──────── Dataset extract

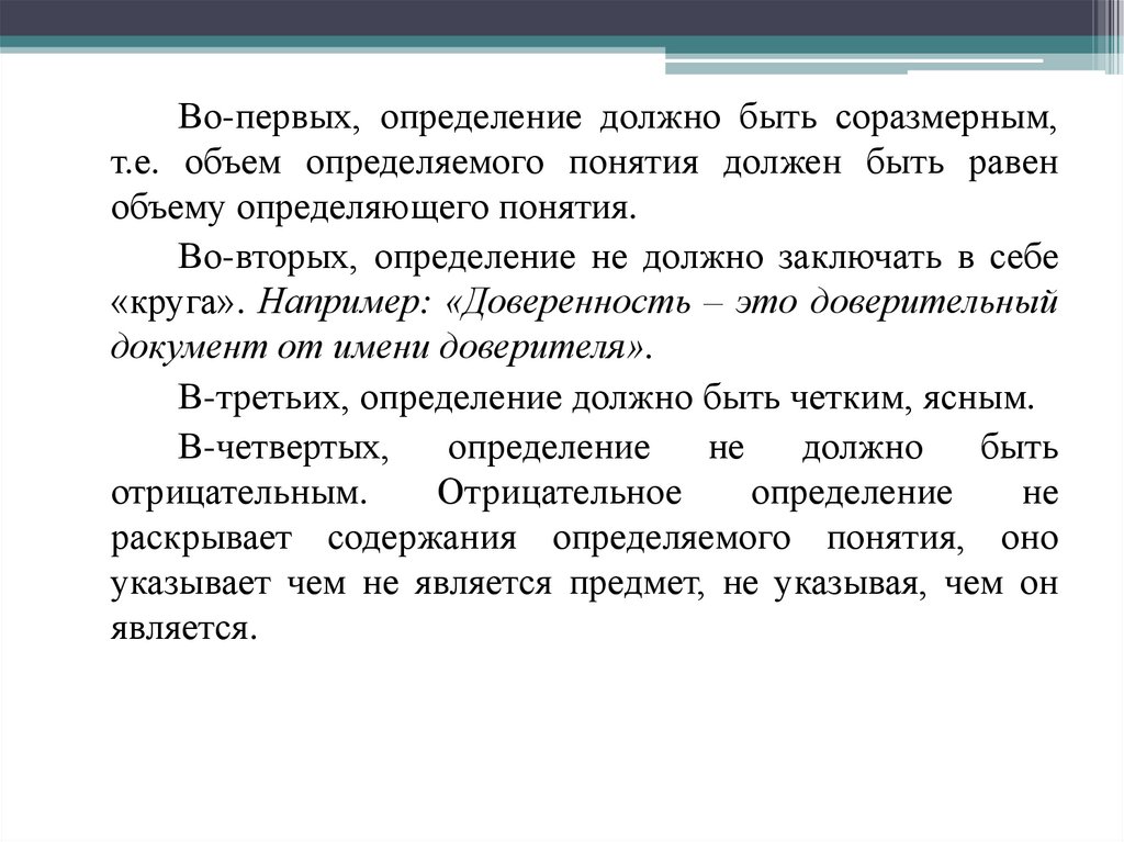 Во-первых, определение должно быть соразмерным,т.е. объем определяемого понятия должен быть равен
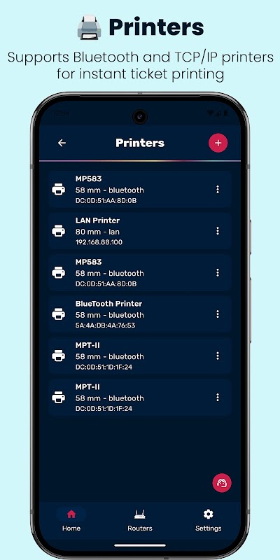 BluetoothおよびTCP/IPプリンターをサポートし、チケットを即座に印刷できます。
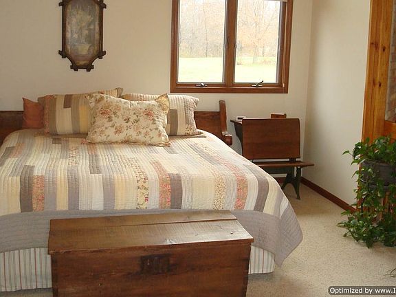This charming home offers something for everyone; country quiet and city convenience. A contemporary 1 1/2 story home has three levels of living space on 5 + acres of beautifully manicured land. The home's lower level boasts 2 bedrooms, an office, full bath/laundry room, and a convenient walk-out family room. Family and friends will enjoy the warm, airy feeling of a beautiful vaulted tongue-in-groove pine ceiling, and expanse of windows & doors, and the stunning 2 story fireplace of the Great Room on the main level. Two atrium doors lead out to the large wrap around deck. Bedroom and full bath are very comfortable for family and/or guests. The vaulted ceilings continue up to the unique loft-style Master suite, including full bath and large walk-in closet. Extra floored storage area, a real bonus. The acreage consists of many flower gardens, fruit and mature trees, 2 garden or equipment sheds, walking/4-wheeler trails and more!

────────────────

Leave out the pictures and repeat exactly the lines from the start of the material through the line that contains "BluetoothおよびTC", both included.

**Written response:**
 Во-первых, определение должно быть соразмерным,т.е. объем определяемого понятия должен быть равен
 BluetoothおよびTCP/IPプリンターをサポートし、チケットを即座に印刷できます。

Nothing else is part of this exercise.